Banyak hal yang sebenarnya bisa menjadi celah bersyukur atas waktu sekaligus tugas yang menyertainya. Salah satunya adalah amanah sebagai seorang ibu, sekaligus pengkhidmat agama. You don’t know what you’ve got till it’s gone. Biasanya kita baru menyadari anugerah yang dimiliki ketika kita sudah tidak memilikinya.
Melihat jauh ke belakang dan membandingkan keadaan di mana kesibukan tengah melanda, seharusnya kita sadari bahwa Tuhan telah memberikan hadiah terbaik berupa aktivitas positif. Namun sayang, tak sedikit orang yang melewatkan kesempatan begitu saja.
Satu kalimat yang harus selalu ditanyakan pada diri sendiri adalah, “Apa manfaat dari semua kegiatan ini?”. Ketika merasa lelah dalam pengkhidmatan, segera tanyakan “Apa manfaat dari pengkhidmatan ini?
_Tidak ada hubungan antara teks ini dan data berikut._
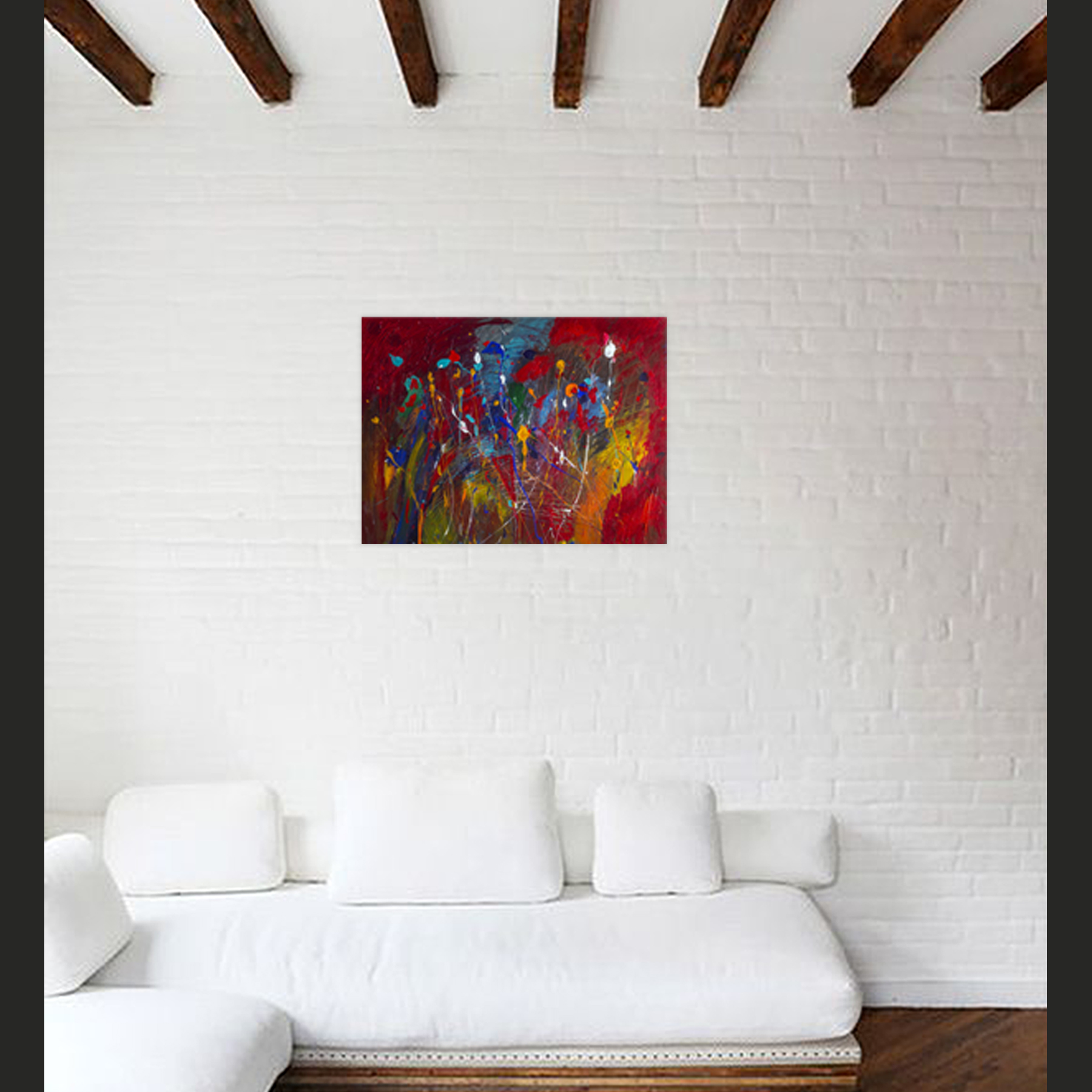In this vivid, expressive piece, organic forms and erratic lines clash and intertwine like opposing forces. The composition evokes a visceral energy, drawing from the chaos of conflict and the resilience of nature. Influenced by abstract expressionism, I applied thick textures with both brush and palette knife. Bold reds, piercing blues, and bursts of yellow create a chromatic tension. The work is a dance between destruction and emergence—a battlefield of emotions on canvas.

Adakah yang lebih penting sehingga harus berhenti?”. Maka tepatlah jika khalifah bersabda, “Mengkhidmati agama adalah sebuah karunia.” Karena sejatinya, bukan kita yang membantu agama, namun agama lah yang memelihara kita.
Hiburan di Kala Penat
Berlari kepada hiburan bukanlah hal yang salah. Sepanjang dilakukan dengan penuh kesadaran diri akan level kebutuhan hiburan seseorang, juga kesadaran diri akan nilai-nilai Islam yang dianut dan diyakini sebagai muslim.
Sebagai contoh, jika seseorang merasakan suatu kebutuhan akan hiburan maka ia perlu mengetahui dengan jelas hiburan seperti apa dan seberapa besar dosis hiburan yang ia butuhkan, bukan yang ia inginkan. Sehingga, selayaknya sudah tidak ada lagi seseorang yang meninggalkan hal-hal kebutuhan pokok demi sebuah hiburan, yang jika berlebihan justru akan menjadi sebuah kemudharatan dari kesia-siaan.
Misalnya, ada orang yang tidak tidur hanya untuk menonton drama favoritnya. Selayaknya juga konten-konten negatif atau konten yang mengarah kepada nilai-nilai di luar Islam bukanlah sebagai suatu sajian menyenangkan bagi seorang muslim sejati. Kecerdasan artifisial melalui algoritma dunia maya tidak akan bisa mengecohnya.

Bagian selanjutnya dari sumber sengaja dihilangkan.